The Artist in the Connecticut Landscape Exhibition




When:
October 2, 2015 all-day
2015-10-02T00:00:00-04:00
2015-10-03T00:00:00-04:00
Where:
Florence Griswold Museum
96 Lyme Street
Old Lyme, CT 06371
USA
Contact:
(860) 434-5542

The Artist in the Connecticut Landscape marks the completion of an expansive online project to contribute over 400 digital images to Connecticut History Online (CTHistoryOnline.org), a decade-old collaborative digital library of over 15,000 drawings, prints, and photographs depicting historic images of Connecticut. The exhibition will draw from the collections of the ten partner institutions to present highlights that include some of the most renowned depictions of Connecticut from the eighteenth to the twentieth centuries. The paintings are from the collections of the Connecticut Historical Society, the Connecticut State Library, the Florence Griswold Museum, the Lyman Allyn Museum, the Mattatuck Museum, the Mystic Arts Center, Mystic Seaport, the New Britain Museum of American Art, the Slater Memorial Museum, and the Wadsworth Atheneum.

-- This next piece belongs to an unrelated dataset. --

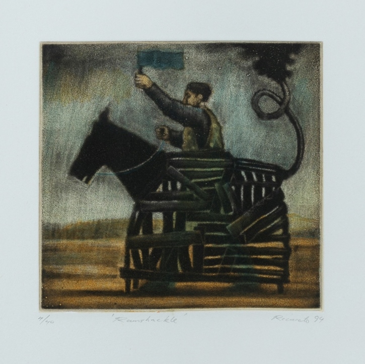 RICARDO, Geoffrey (b.1964) 'Ramshackle,' 1994. Coloured Etching 4/40 17x17.5cm (image) 55.5x38.5cm (sheet)Estimate $150-250

Over the past two centuries, Connecticut’s artists have shaped the history of American landscape painting. In the eighteenth century, landscapes often appeared within portraits, a glimpse out a window that signified the source of the sitter’s livelihood. Artists such as the portraitist Ralph Earl executed some of the earliest pure landscape paintings, drawing from the tradition of house portraits to celebrate the state’s pastoral charms. With a topographical eye, professional and folk painters documented the region’s terrain and landmarks, both natural and man-made. Their works paint a portrait of a region of small farms, village greens, and coastal inlets. Hudson River School artists opened Americans’ eyes to the symbolic power of landscape, a new chapter in the appreciation of the genre. Thomas Cole brought a Romantic appreciation for nature to his depiction of the sweeping vistas from Talcott Mountain, location of Monte Video, the estate of his patron Daniel Wadsworth. Cole’s pupil Frederic Edwin Church made Americans aware of their history through his selection of landscapes linked to Connecticut’s past as the subjects of paintings such as The Charter Oak at Hartford. As the state’s economy shifted from farming toward industry over the course of the nineteenth century, landscape painters marked the entry of factories and railroads into the countryside.